One Fund Boston administrator says task of distributing funds would ‘defy Solomon’
Kenneth R. Feinberg, administrator of the One Fund Boston, described the task of distributing money to victims of the Boston Marathon bombing as “a horrible undertaking” Tuesday during the second town hall meeting to discuss compensation plans.
He said he has never seen a tragedy with more grievous physical injuries than the Marathon bombings, including the Sept. 11, 2001, attacks.
“It raises questions that I believe would defy Solomon in getting answers,” said Feinberg, who has administered the funds for victims of the Sept. 11 attacks and the mass shootings at Virginia Tech and in Aurora, Colo.
About 40 people, some on crutches, attended the meeting Tuesday morning.
A draft protocol for distributing money calls for dispensing assistance based on the severity of injury. There are three tiered classes of eligible victims listed in the protocol: Those who were killed or suffered double amputations; those who suffered a single amputation; and those who were physically injured and hospitalized overnight due to physical injuries suffered in the blast.

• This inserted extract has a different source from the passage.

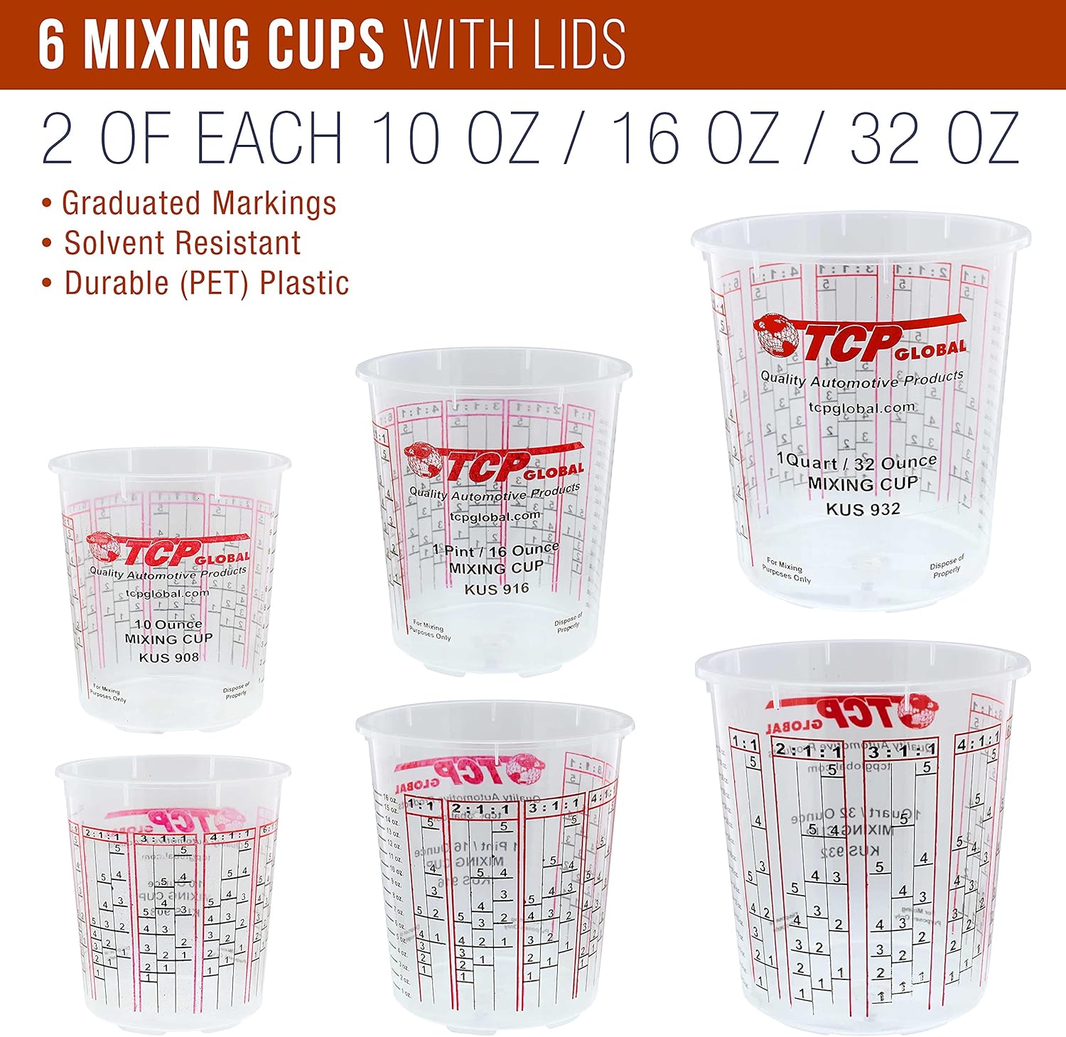 - Comes With 2-ea 32-Oz Mix Cups & Lids, 2-ea 16-Oz Cups & Lids, 2-ea 8-Oz Cups & Lids
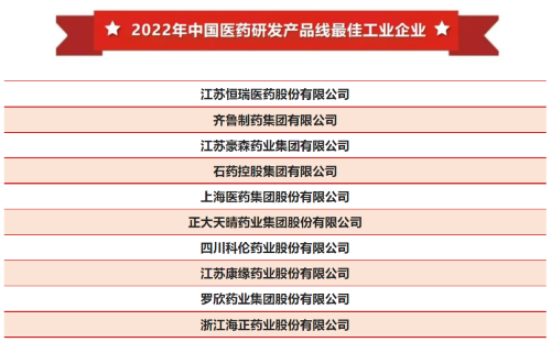 凯时官网医药凭借长期积累的综合竞争力和业界领先的研发实力,多年入选全国医药工业信息年会系列榜单。今年的大会上,公司继续位列中国医药工业百强企业前十,并稳居“2022年中国医药研发产品线最佳工业企业”榜首。

At the town hall, Feinberg mulled the gray zones: whether and how to compensate people with emotional trauma, whether and how to consider victims’ financial status, whether and how to compensate people who only needed outpatient treatment.
And how to do it all quickly: Feinberg said he expects to have a final version of the protocol finished next week, and the first wave of payments made by June 30.
“If there is one instruction I’ve received from the mayor and the governor: ‘Ken, get the money out and get it out fast. People in grief need this compensation,’ ” he said. “And that’s what we hope to do. And that’s what we plan to do.”
Feinberg said he wanted to publicly dampen any hopes that victims or their families might harbor that the money will solve their problems.
“There’s not enough money here to pay everybody,” Feinberg said. “When you look at the horror that happened here in Boston – the horror, the number of deaths, the number of horrible physical injuries, the number of people still in the hospital today, I assure you based on everything I’ve done in the past, including 9/11, there isn’t enough money to pay everybody who justifiably expects it or needs it. There’s not enough money.”